A 37 year old female, Gravida 9 Para 4, at 24/5 weeks gestation was transferred to our tertiary care center for veno-venous extracorporeal membrane oxygenation (VV-ECMO)evaluation due to hypoxic-hypercarbic respiratory failure secondary to rhinovirus pneumonia leading to acute respiratory distress syndrome (ARDS) with superimposed asthma exacerbation. The patient’s history was significant for ongoing tobacco abuse and asthma requiring intubation approximately 7 years prior. Despite initial success with aggressive medical treatment, including deep sedation, neuromuscular blockade, and lung protective ventilation, adequate ventilation and oxygenation could not be maintained. Ultimately, on hospital day #11, VV-ECMO was initiated. Using Seldinger technique, a 25 French outflow cannula was placed into the right femoral vein, followed by a 19 French inflow cannula in the right internal jugular vein. Flows were initiated at 4.3L/min, with RPMs at 2975, and a sweep of 3 L/min. Arterial blood gas prior to cannulation was 7.27/74/61/33, improving to 7.44/47/99/32 within hours.

The patient tolerated cannulation without incident. She was maintained using a lung protective ventilation strategy (4-7 mL/kg predicted body weight) and high PEEP (12-16 mmHg). Bronchoscopy was performed with clearance of copious bilateral mucus plugs. The patient improved significantly over the next 48 hours. Elective tracheostomy was performed to assist with weaning from the ventilator as the patient had signs and symptoms of ICU-acquired weakness. ECMO was weaned following a total of 6 days of therapy. The patient subsequently tolerated ventilator weaning and was liberated from the ventilator four days after decannulation from ECMO. The patient made a full recovery of respiratory function and required no supplemental oxygen after discharge from the intensive care unit.

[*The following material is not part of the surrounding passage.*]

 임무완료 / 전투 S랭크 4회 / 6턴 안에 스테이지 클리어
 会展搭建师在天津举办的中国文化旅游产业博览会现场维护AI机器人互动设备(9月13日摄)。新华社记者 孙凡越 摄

On hospital day #28 she began having seizure-like activity while on the ward, along with elevated LFTs in the setting of long-term steroid treatment and negative head CT. The OB team was unable to effectively rule out eclampsia, so she was taken for urgent repeat cesarean delivery after a witnessed seizure on hospital day #29. Inhaled induction via the tracheostomy was performed, followed by a balanced anesthetic including nitrous oxide and sevoflurane. The delivery was uncomplicated and the patient was monitored in the ICU postoperatively for less than 48 hours before transition to the ward.

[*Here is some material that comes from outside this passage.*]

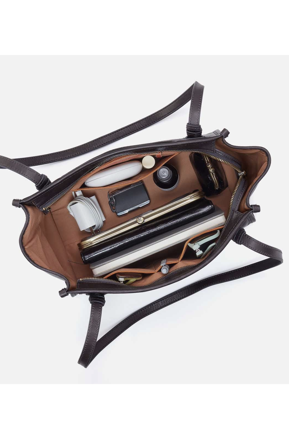 This structured east-west tote is designed with movement in mind. Flexible side panels let you pack it full, while artisan-woven accents blend handcrafted detail into the design. This tote is ready for your next adventure.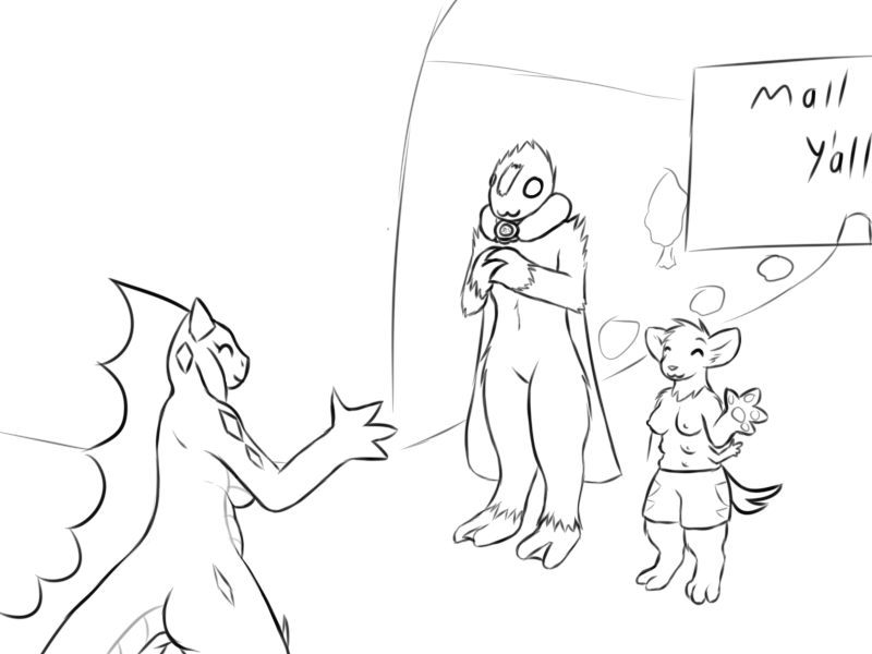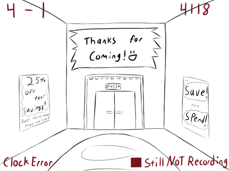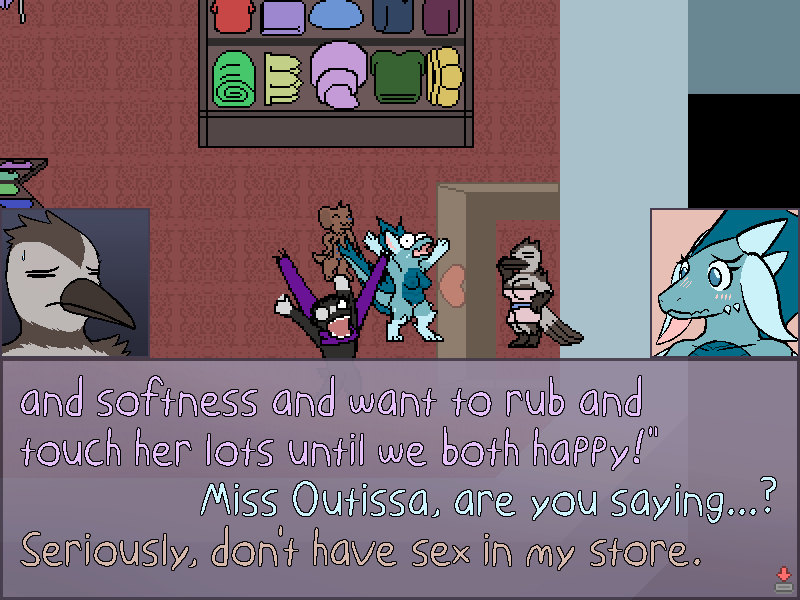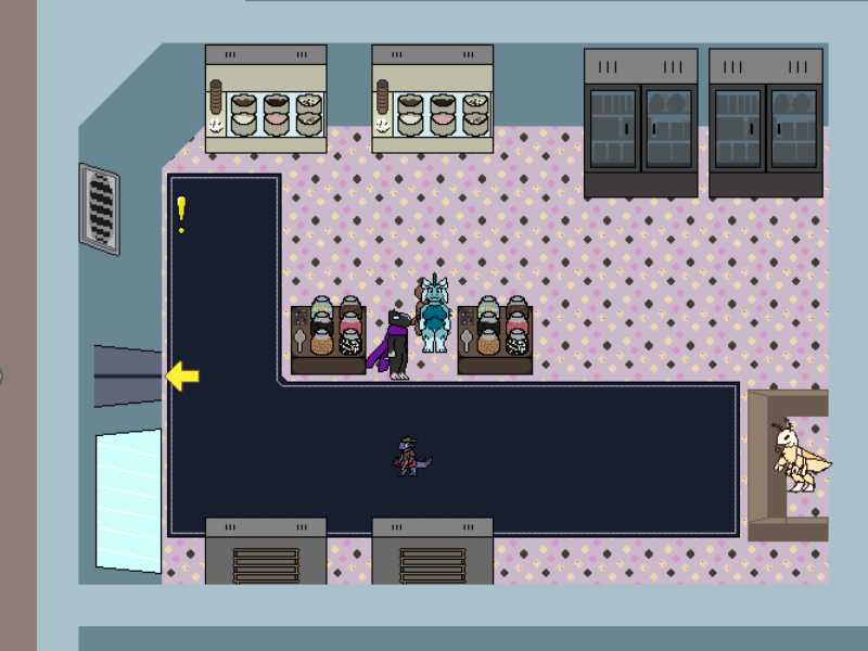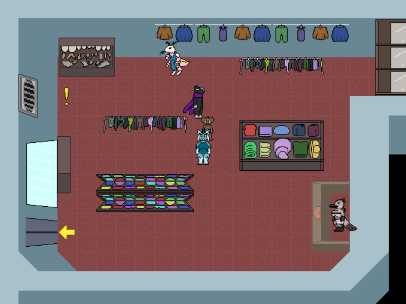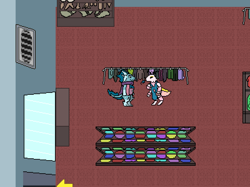 Which actually matches the conversation. Because why would Triti be hesitating on going into a store that they're already inside of? So I think Triti needs to be in the hall, not in the store.

The neonate was born at 28w6d with APGAR scores of 7 and 9. After bag-mask positive pressure ventilation and transition to CPAP the infant was admitted to NICU for further care. The fetus did not appear to suffer any significant physiologic changes or insults during this process and tolerated the initiation and discontinuation of VV-ECMO without issue. This case illustrates the safe and appropriate usage of VV-ECMO in a patient with severe respiratory failure during pregnancy.